Decades of the New World (De orbe novo decades) by Peter Martyr is a series of letters and reports of the early explorations of Central and South America that was published beginning 1511 and later anthologized. Being among the earliest such reports, Decades are of great value in the history of geography and discovery and describe the early contacts of Europeans and Native Americans derived from the narrative of the voyages of Christopher Columbus in the Caribbean and the reports from Hernán Cortés's Mexican expedition.

The Decades consisted of eight reports, two of which Martyr had previously sent as letters describing the voyages of Columbus, to Cardinal Ascanius Sforza in 1493 and 1494.  In 1501 Martyr, as requested by the Cardinal of Aragon, added eight chapters on the voyage of Columbus and the exploits of Martin Alonzo Pinzón.  In 1511 he added a supplement giving an account of events from 1501 to 1511. By 1516 he had finished two other Decades:

 The first was devoted to the exploits of Alonso de Ojeda, Diego de Nicuesa, and Vasco Núñez de Balboa.

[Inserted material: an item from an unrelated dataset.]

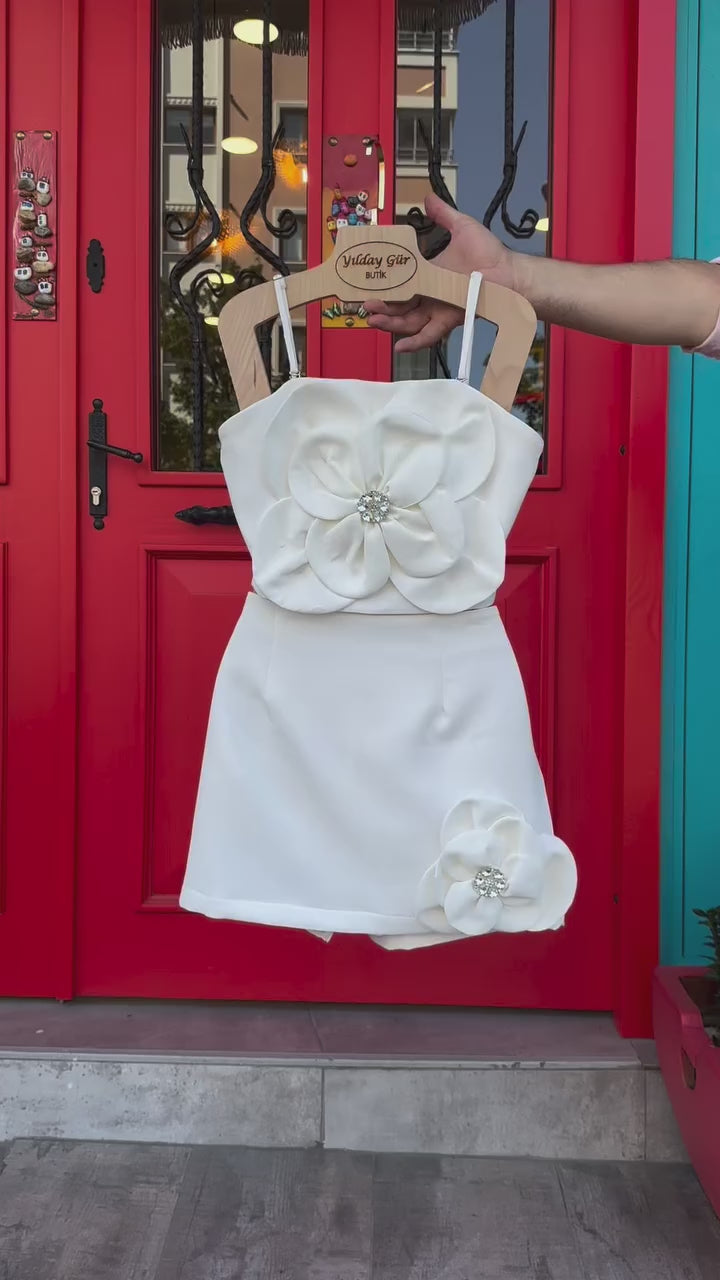 Açıklama:Çiçek detaylı özel tasarım crop ve etek takım, zarif Fransız stilini yansıtan ithal bir üründür....

It was first published against his consent in a Venetian-Italian summary in Venice in 1504, reprinted in 1507, and published in a Latin translation in 1508. The original Latin text was published in 1511.
 The second gave an account of Balboa's discovery of the Pacific Ocean, Columbus' fourth voyage, and the expeditions of Pedrarias Dávila.
 The first three appeared together at Alcalá de Henares in 1516 under the title: De orbe novo decades cum Legatione Babylonica.
 The Enchiridion de nuper sub D. Carolo repertis insulis (Basle, 1521) was printed as the fourth Decade, describing the voyages of Francisco Hernández de Córdoba, Juan de Grijalva, and Hernán Cortés. 
 The fifth Decade (1523) dealt with the conquest of the Aztec Empire and the circumnavigation of the world by Ferdinand Magellan. 
 The sixth Decade (1524) gave an account of Dávila's discoveries on the west coast of America.  
 The seventh Decade (1525) had collected descriptions of the customs of the natives in present-day South Carolina, including the "Testimony of Francisco de Chicora", a Native American taken captive there; as well as those of natives in Florida, Haiti, Cuba, and Darién.
 The eighth Decade (1525) told the story of the march of Cortés against Olit.

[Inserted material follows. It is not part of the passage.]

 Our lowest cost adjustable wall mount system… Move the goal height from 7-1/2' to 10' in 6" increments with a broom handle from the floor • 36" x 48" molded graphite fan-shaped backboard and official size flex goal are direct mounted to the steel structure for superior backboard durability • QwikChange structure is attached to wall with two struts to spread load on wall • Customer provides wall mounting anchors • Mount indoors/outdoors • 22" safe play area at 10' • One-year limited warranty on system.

In 1530 the eight Decades were published together for the first time at Alcalá.  Later editions of single or of all the Decades appeared at Basel (1533), Cologne (1574), Paris (1587), and Madrid (1892). A German translation was published in Basle in 1582; a French one by Gaffarel in Recueil de voyages et de documents pour servir à l'histoire de la Geographie (Paris, 1907).

The first three decades were translated into English by Richard Eden and published in 1555 (found in Arber's The first three English books on America Birmingham, 1885), thus beginning the genre of English discovery travel writing, which stimulated English exploration of the New World. Eden's translations were reprinted with supplementary materials in 1577 by Richard Willes under the new title, The historie of travayle into the West and east Indies. Richard Hakluyt had the remaining five decades translated into English by Michael Lok and published in London in 1612.

Editions
 P. Martyris ab Angleria Mediolonensi. Opera, Legatio babylonica ; Occeani decas ; Poemata ; Epigrammata Jacobũ corumberger (Hispali), 1511. (includes only first Decade)
 Petri martyris. De orbe nouo Decades impressae in contubernio Arnaldi Guillelmi (Alcala), 1516. (includes only first three Decades)
 Petri Martyris ab Angleria Mediolanensis. De orbe nouo Petri Martyris ab Angleria Mediolanensis protonotarij c[a]esaris senatoris decades In aedibus Michaelis Eguia (Compluti), 1530.
 Petri Martyris ab Angleria Mediolanen. De rebus oceanicis & Orbe nouo decades tres Apud Ioannem Bebelium (Basileae), 1533.
 Peter Martyr of Angleria. The decades of the newe worlde or weſt India conteynyng the nauigations and conqueſtes of the Spanyardes with the particular deſcription of the moſte ryche and large landes and Ilands lately founde in the weſt Ocean perteynyng to the inheritaunce of the kinges of Spayne, translated by Richard Eden, William Powell (London), 1555.
 Peter Martyr d'Anghiera, De orbe novo, translated from the Latin with notes and introduction by Francis Augustus MacNutt (2 vol.), Putnam (New York), 1912.
 Peter Martyr d'Anghiera, Decadas del nuevo mundo, 1944.
 Petrus Martyr de Anghieria, Opera: Legatio Babylonica, De Orbe novo decades octo, Opus Epistolarum, Graz: Akademische Druck- U. Verlagsanstalt, 1966

Notes

References
 
 
 Perna, Carlos Gabriel, Algunos problemas en torno a las "Décadas del Nuevo Mundo" de Pedro Mártir de Anglería. GRIN Verlag, 2007.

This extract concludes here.